On this (physical, not virtual) server we are still using Debian 10 with LTS. We do the regular package updates with apt. All from official sources, including Percona repository.
So IMHO it’s nothing special about this server besides the fact that the Linux distribution is a bit old.
We use the same Percona MySQL version 8.0.36-28 on a few other productive servers (virtual instances) with Debian 11. No issues there.
Then we have one Debian 10 VM for testing where we didn’t do an update for a wile. It has Percona MySQL 8.0.34-26. No issues there either.
I compared the loaded libraries on both Deb 10 server and there’s no difference:
I also checked some of the package versions. libssl is exactly the same. libc is 2.28-10+deb10u2 (VM) vs 2.28-10+deb10u3 (physical). libstdc++ is the same.
I will now update the Deb 10 VM to the same versions as the physical machine. Let’s see if we start to get the same issues afterwards.

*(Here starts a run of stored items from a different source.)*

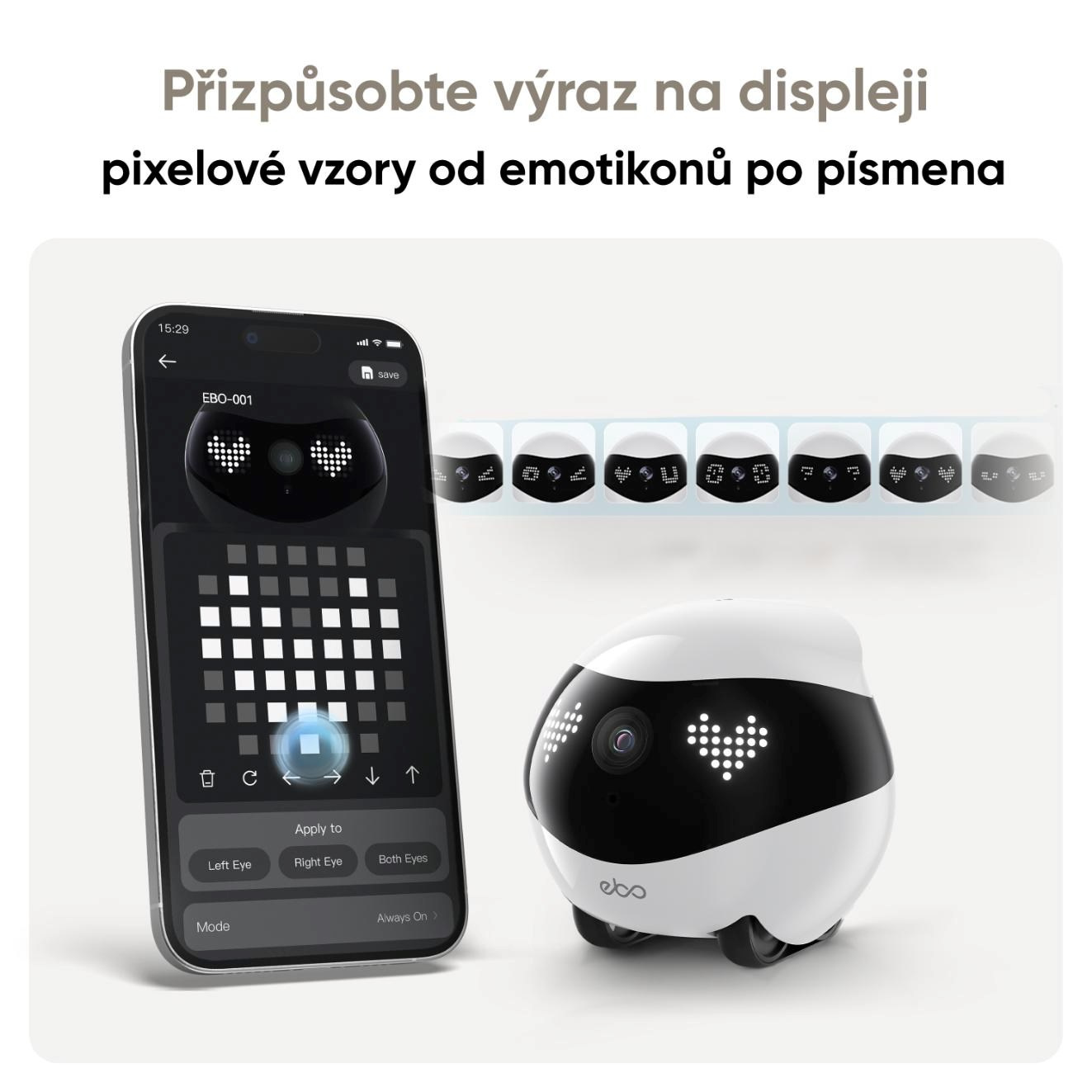 • Pixelové oči s animáciami – štýlový pixelový displej nahrádza oči a dodáva robotovi priateľský, hravý výraz.
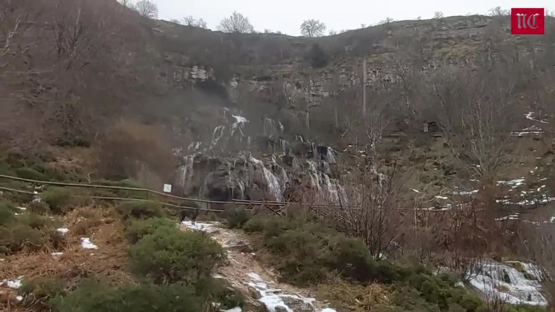 El deshielo de la cascada de Covalagua, un atractivo turístico
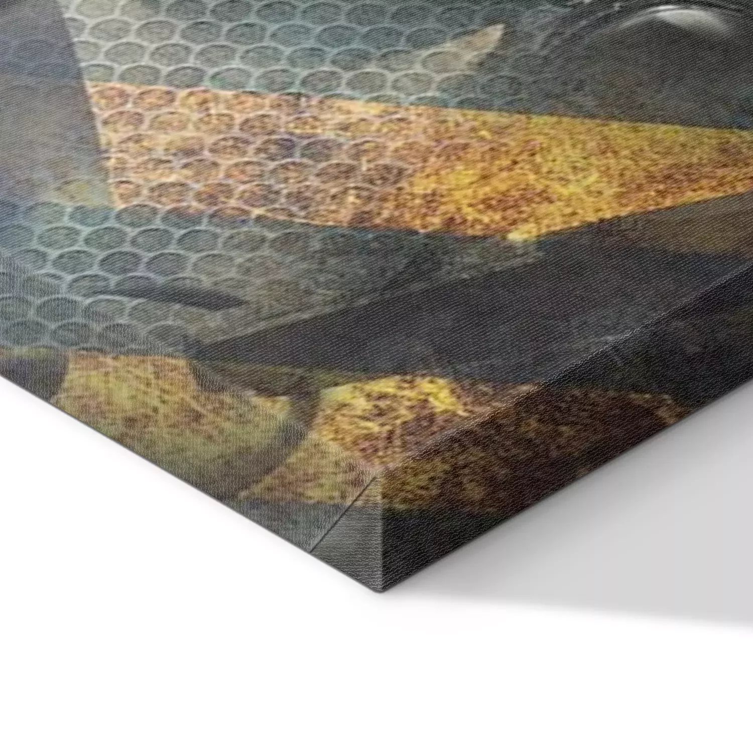 De print wordt aangebracht op hoogwaardig canvas dat op een schildersweefgetouw (spieraam) wordt gespannen. Omdat de print de zijranden bedekt, hoeft het ontwerp niet met een extra kader te worden omlijst. Wij raden ook composities aan die uit meerdere foto's bestaan en zo een coherente compositie vormen.
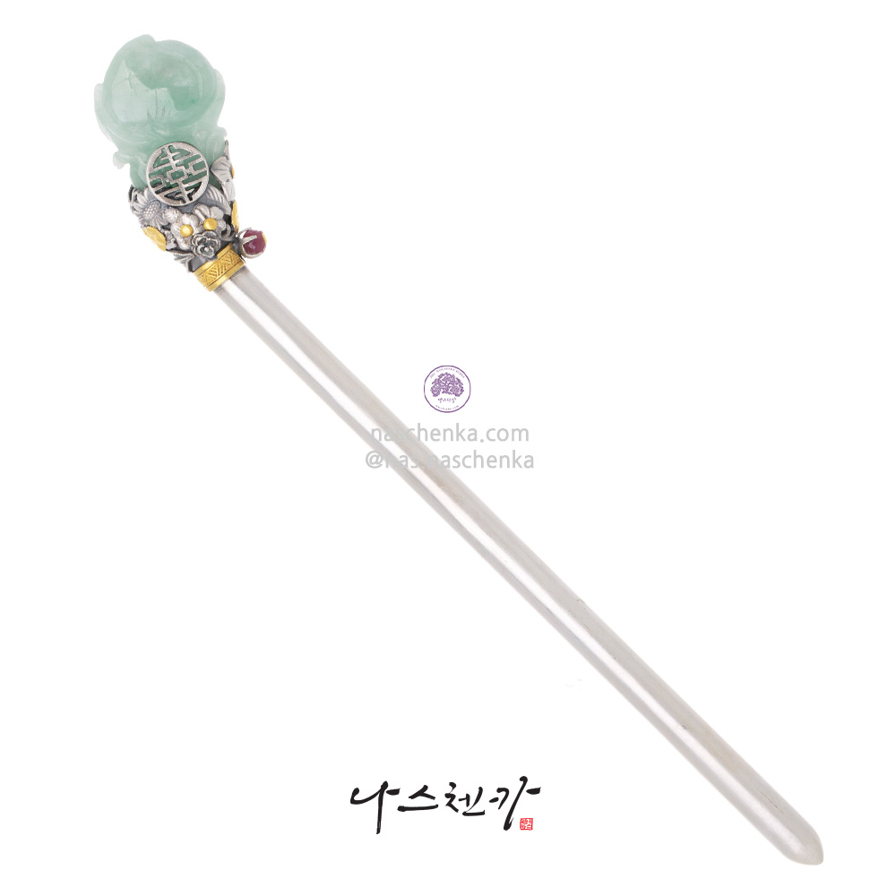 10954786 - [나스첸카 NASCHENKA] 비취 옥조각 꽃문양 은세공 비녀 2 [Jade Flower Silver Hairpin Binyeo]

I had running the two machines, one physical productive and one virtual test server, for over a month now with the exact same distribution and packet versions installed.

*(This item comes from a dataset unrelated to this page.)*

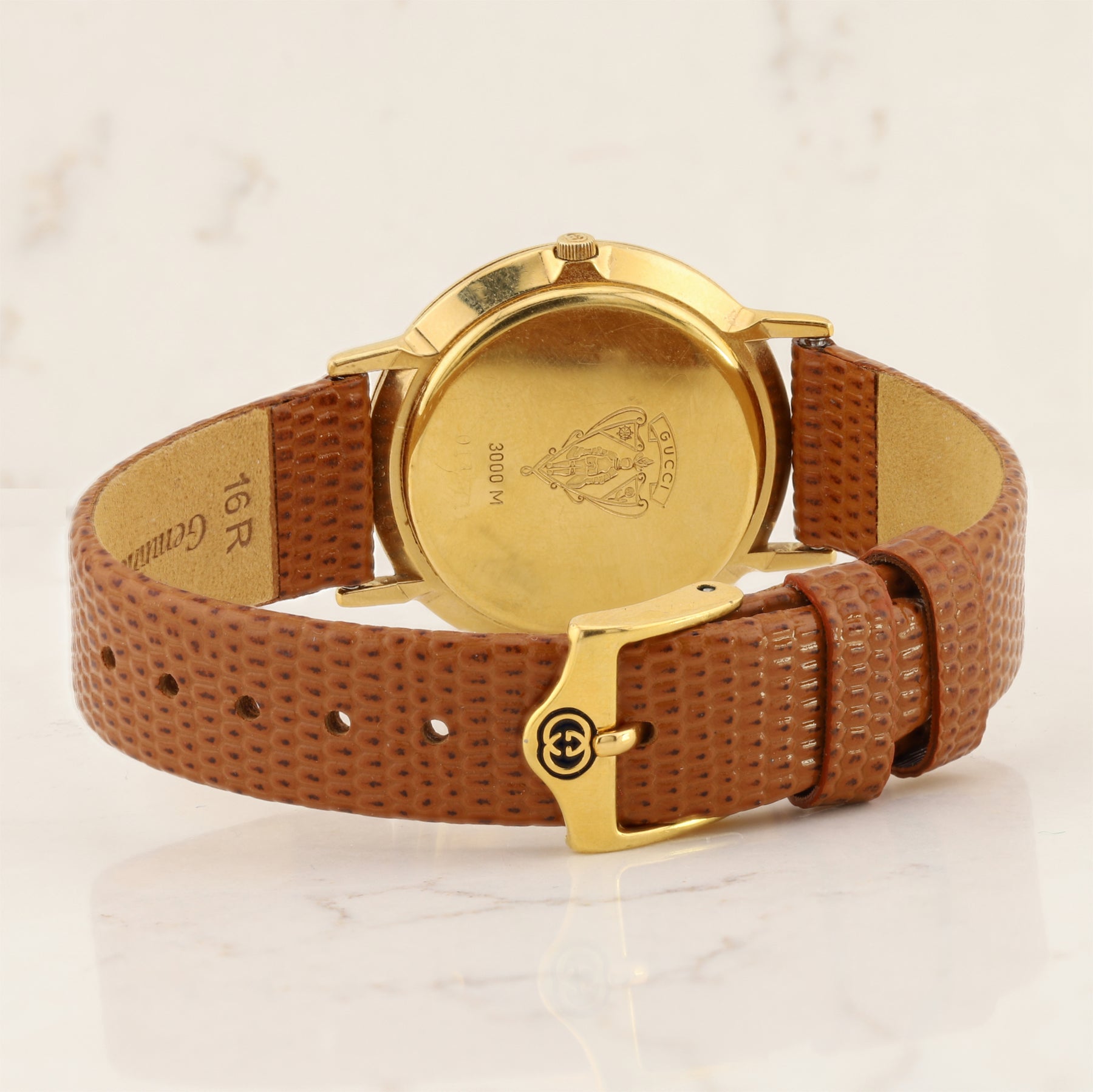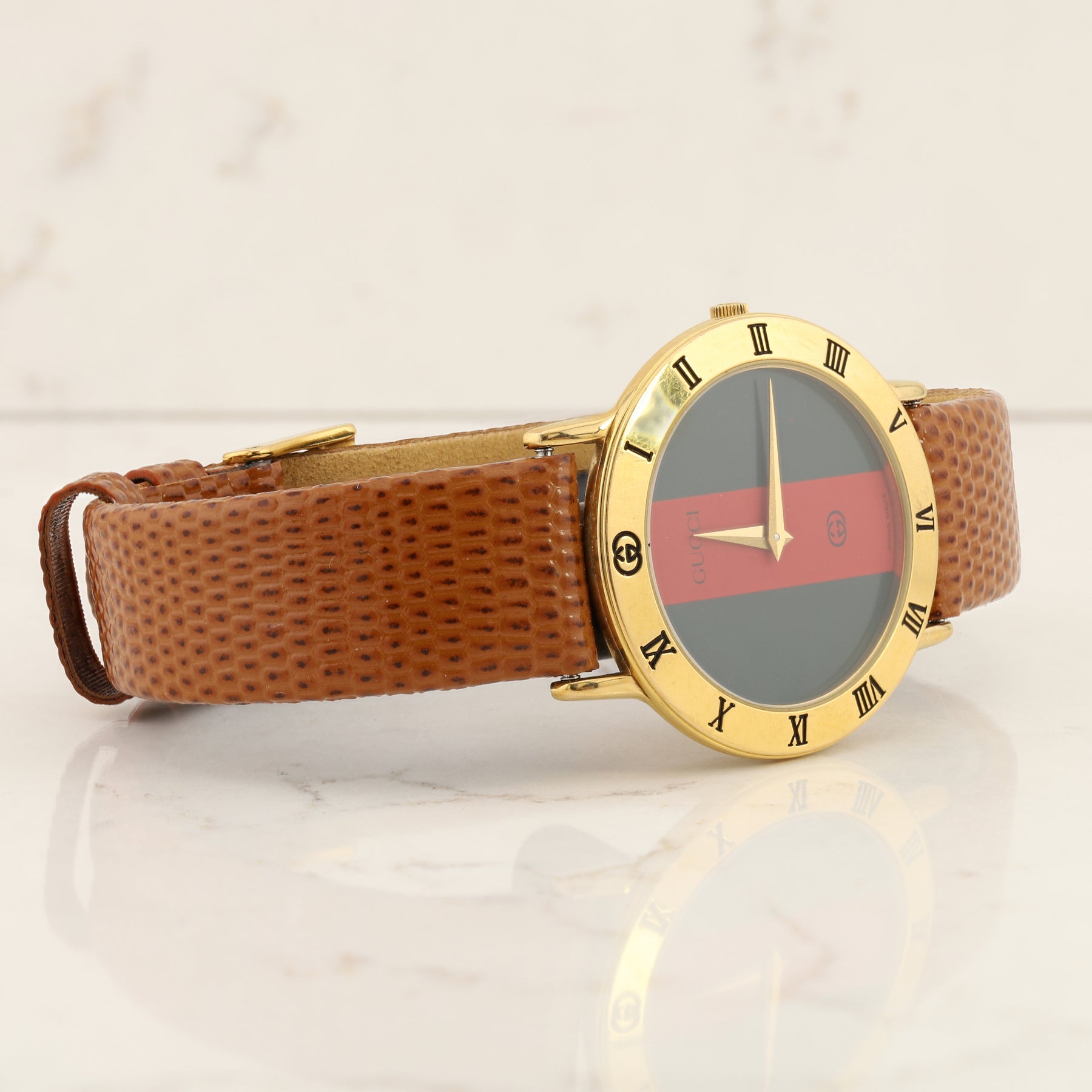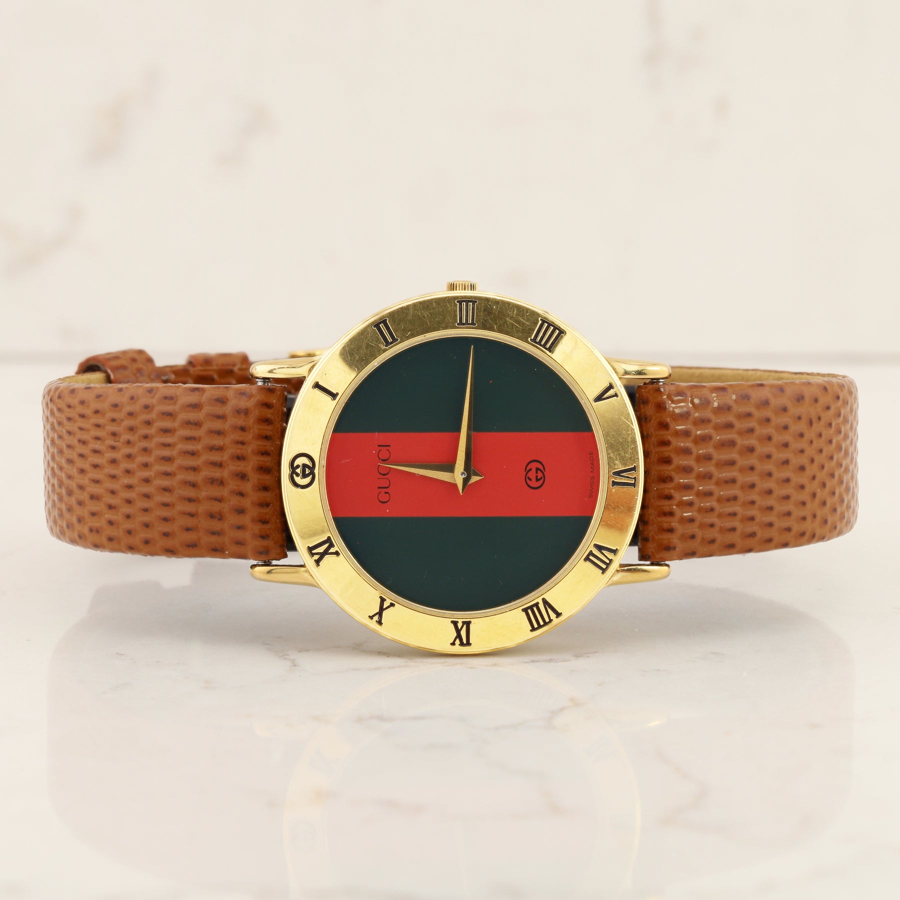 This Gucci watch has a red and green dial paired with a warm yellow-tone case, and comes with a leather strap.

The productive server continues to have these communication packet issues at least once a day. On the virtual machine there were no such issues at all.

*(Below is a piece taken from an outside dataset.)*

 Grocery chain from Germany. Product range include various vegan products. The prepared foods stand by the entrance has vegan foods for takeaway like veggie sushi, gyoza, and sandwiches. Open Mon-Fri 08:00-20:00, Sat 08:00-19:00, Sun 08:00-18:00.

I really can’t imagine a reason why it would have issues on a physical server while on a VM it’s running totally fine…
IMHO there’s only one significant difference between both servers, and that’s the load.
It’s hard to reproduce the real life load of a productive server on a test machine…
But then I also discovered an old issue with FEDERATED engine, which we use on those servers.
I already reported and helped to fixe an issue with this a while ago. Now it looks like it’s back!
I’m not sure yet if it’s the exact same problem and if the issue we have here is related.
But the FEDERATED engine opens a lot of remote connections (TCP) and leaves them open until the remote server closes them. With the default connection timeout of 8 hours this can lead to a lot of waiting TCP sockets.
Maybe this hits some internal limits of MySQL daemon?
Unfortunately, I can’t just disable FEDERATED on the production server to see if the problem goes away.
Therefore I’m still trying to reproduce these errors on the test server.
Things didn’t get better.
The same error over and over again, in every DB client: CMS, phpMyAdmin, mysqldump… But only on this bare-metal server.
Until a few days ago, when I did two things:
I did a complete reinstall of the Percona packages, but with telemetry disabled.
And the other thing I did was disabling the Zabbix scripts for MySQL.
Since that day, the problem has disappeared.
The Zabbix surveillance has always been there. Also on other severs (VMs) which don’t have the issue.
Is it really the telemetry module that induces these problems?!
I will wait a few more days and then re-enable the Zabbix scripts.
It’s been quite a while… And things got even worse.
The DB is mostly unusable. Now I get those warnings almost every minute. So everything has to be done at least twice to be successful.
In the meantime I have upgraded Debian to Bullseye. But the issue remains.
But I finally figured out what the difference is between this physical server and the VMs with exactly the same OS and package versions:
The VMs are shut down once a week for backup. The bare-metal server, however, is rarely restarted.
And indeed: After restarting the MySQL daemon on the bare-metal, the DB works for several days without those writing errors.
In my opinion, this means that something is escalating over time. Some resources may not be released, in this case most likely socket handles.
For this reason I started monitoring open sockets and system call errors. I also looked in the Percona source code for the place where system calls are made to sockets.
But I think this thread is already too long and too old and nobody reads it anymore. So I’ll either open an issue on Github or start a new thread. Or both.